• Exercise directions:
For the data below, restate word for word only the lines from the line containing "Canadian Silver Dollars" through the line containing "Сместен во Ханој, овој", both ends included.

• Provided data:
---

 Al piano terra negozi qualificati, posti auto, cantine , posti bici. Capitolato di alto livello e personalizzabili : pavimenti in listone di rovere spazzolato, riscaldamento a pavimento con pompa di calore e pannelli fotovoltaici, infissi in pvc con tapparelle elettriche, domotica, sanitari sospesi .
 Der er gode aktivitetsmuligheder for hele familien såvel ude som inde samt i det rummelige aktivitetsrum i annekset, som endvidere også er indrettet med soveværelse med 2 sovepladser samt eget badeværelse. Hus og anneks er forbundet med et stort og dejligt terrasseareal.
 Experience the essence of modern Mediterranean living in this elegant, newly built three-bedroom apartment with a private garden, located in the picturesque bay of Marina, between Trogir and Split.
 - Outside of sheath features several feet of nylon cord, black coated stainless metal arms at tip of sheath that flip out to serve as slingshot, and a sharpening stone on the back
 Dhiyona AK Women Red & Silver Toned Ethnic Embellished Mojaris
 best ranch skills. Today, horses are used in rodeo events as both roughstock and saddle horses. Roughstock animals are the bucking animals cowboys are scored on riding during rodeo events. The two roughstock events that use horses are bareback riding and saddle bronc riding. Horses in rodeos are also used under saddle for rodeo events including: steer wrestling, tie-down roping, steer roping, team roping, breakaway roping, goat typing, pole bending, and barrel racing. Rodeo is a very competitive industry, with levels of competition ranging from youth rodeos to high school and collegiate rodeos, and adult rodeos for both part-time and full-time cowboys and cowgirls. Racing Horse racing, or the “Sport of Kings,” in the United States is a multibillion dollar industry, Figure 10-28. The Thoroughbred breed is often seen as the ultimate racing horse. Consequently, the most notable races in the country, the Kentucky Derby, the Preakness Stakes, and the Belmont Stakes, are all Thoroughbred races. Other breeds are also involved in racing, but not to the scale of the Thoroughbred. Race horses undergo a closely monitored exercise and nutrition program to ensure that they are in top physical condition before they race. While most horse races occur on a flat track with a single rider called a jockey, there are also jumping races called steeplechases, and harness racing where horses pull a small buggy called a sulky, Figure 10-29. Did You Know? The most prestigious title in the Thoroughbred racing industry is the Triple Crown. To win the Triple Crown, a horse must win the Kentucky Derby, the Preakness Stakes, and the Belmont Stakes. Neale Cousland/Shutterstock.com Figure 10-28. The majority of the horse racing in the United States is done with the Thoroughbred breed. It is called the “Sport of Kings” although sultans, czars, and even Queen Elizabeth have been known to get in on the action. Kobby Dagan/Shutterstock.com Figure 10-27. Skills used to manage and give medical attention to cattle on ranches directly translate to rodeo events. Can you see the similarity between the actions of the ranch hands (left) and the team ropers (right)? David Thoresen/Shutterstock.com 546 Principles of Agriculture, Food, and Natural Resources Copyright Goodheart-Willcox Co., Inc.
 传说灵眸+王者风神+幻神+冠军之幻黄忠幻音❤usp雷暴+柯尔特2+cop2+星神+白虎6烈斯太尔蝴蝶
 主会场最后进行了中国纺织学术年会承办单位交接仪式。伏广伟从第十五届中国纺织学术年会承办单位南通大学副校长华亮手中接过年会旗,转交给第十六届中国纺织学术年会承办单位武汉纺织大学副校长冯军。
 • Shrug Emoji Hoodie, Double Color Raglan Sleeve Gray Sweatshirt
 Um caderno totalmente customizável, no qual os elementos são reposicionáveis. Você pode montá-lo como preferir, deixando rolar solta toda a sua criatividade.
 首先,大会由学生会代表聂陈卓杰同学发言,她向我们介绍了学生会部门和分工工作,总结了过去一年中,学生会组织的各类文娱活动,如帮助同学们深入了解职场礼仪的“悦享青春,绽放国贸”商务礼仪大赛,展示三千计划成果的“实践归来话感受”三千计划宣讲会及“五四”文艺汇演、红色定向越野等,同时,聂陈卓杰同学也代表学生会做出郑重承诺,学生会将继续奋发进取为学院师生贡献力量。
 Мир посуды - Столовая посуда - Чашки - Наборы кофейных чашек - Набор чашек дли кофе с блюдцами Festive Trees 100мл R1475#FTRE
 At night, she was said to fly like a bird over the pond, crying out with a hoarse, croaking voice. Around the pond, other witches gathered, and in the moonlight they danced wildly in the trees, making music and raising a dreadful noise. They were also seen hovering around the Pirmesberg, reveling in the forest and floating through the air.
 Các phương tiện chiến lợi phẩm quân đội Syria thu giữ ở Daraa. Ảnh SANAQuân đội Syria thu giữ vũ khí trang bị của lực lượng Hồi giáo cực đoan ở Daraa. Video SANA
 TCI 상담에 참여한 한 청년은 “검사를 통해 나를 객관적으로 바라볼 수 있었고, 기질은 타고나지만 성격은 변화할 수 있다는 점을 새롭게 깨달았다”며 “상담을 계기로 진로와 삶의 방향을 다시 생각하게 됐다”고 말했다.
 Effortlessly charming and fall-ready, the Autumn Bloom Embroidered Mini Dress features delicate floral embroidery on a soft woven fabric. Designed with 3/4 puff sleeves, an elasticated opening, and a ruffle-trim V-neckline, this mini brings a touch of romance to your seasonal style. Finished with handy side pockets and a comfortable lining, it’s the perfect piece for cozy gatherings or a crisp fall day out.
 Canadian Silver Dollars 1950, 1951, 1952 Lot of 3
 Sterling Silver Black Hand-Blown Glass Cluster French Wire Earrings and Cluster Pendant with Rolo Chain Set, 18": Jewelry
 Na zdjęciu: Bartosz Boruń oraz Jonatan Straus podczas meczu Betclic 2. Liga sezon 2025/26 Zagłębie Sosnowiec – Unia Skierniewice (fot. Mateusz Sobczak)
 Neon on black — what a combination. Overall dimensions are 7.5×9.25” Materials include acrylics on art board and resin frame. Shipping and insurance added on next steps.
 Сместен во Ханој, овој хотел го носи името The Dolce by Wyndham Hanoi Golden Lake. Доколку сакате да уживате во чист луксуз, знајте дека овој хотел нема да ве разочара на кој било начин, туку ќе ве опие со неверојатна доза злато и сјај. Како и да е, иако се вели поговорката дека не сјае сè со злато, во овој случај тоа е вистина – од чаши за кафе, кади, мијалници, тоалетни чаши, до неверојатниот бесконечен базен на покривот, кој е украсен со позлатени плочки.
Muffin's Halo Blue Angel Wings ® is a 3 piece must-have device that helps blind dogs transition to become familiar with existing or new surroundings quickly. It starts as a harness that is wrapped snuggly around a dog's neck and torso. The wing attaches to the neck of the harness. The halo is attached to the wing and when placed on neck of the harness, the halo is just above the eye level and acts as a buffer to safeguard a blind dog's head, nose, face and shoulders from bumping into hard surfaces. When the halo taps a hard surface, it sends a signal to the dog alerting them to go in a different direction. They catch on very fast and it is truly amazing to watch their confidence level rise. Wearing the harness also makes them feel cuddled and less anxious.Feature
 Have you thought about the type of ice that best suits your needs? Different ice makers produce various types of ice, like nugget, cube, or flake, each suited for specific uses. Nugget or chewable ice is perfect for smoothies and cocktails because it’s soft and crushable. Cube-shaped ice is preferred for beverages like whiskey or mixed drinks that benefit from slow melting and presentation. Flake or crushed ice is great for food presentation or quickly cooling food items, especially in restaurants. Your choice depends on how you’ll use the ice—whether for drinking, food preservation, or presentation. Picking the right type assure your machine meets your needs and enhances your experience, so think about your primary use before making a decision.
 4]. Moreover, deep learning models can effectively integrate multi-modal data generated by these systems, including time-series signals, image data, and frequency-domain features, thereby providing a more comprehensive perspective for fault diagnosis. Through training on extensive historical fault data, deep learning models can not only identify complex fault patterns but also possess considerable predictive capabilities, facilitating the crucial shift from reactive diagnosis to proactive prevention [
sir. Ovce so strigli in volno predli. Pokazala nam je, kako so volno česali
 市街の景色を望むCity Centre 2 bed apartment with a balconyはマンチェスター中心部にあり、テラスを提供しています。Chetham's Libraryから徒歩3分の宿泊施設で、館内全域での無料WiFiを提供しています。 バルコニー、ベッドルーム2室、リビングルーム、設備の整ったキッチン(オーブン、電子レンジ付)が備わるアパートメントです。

---

• The completed task:
 Canadian Silver Dollars 1950, 1951, 1952 Lot of 3
 Sterling Silver Black Hand-Blown Glass Cluster French Wire Earrings and Cluster Pendant with Rolo Chain Set, 18": Jewelry
 Na zdjęciu: Bartosz Boruń oraz Jonatan Straus podczas meczu Betclic 2. Liga sezon 2025/26 Zagłębie Sosnowiec – Unia Skierniewice (fot. Mateusz Sobczak)
 Neon on black — what a combination. Overall dimensions are 7.5×9.25” Materials include acrylics on art board and resin frame. Shipping and insurance added on next steps.
 Сместен во Ханој, овој хотел го носи името The Dolce by Wyndham Hanoi Golden Lake. Доколку сакате да уживате во чист луксуз, знајте дека овој хотел нема да ве разочара на кој било начин, туку ќе ве опие со неверојатна доза злато и сјај. Како и да е, иако се вели поговорката дека не сјае сè со злато, во овој случај тоа е вистина – од чаши за кафе, кади, мијалници, тоалетни чаши, до неверојатниот бесконечен базен на покривот, кој е украсен со позлатени плочки.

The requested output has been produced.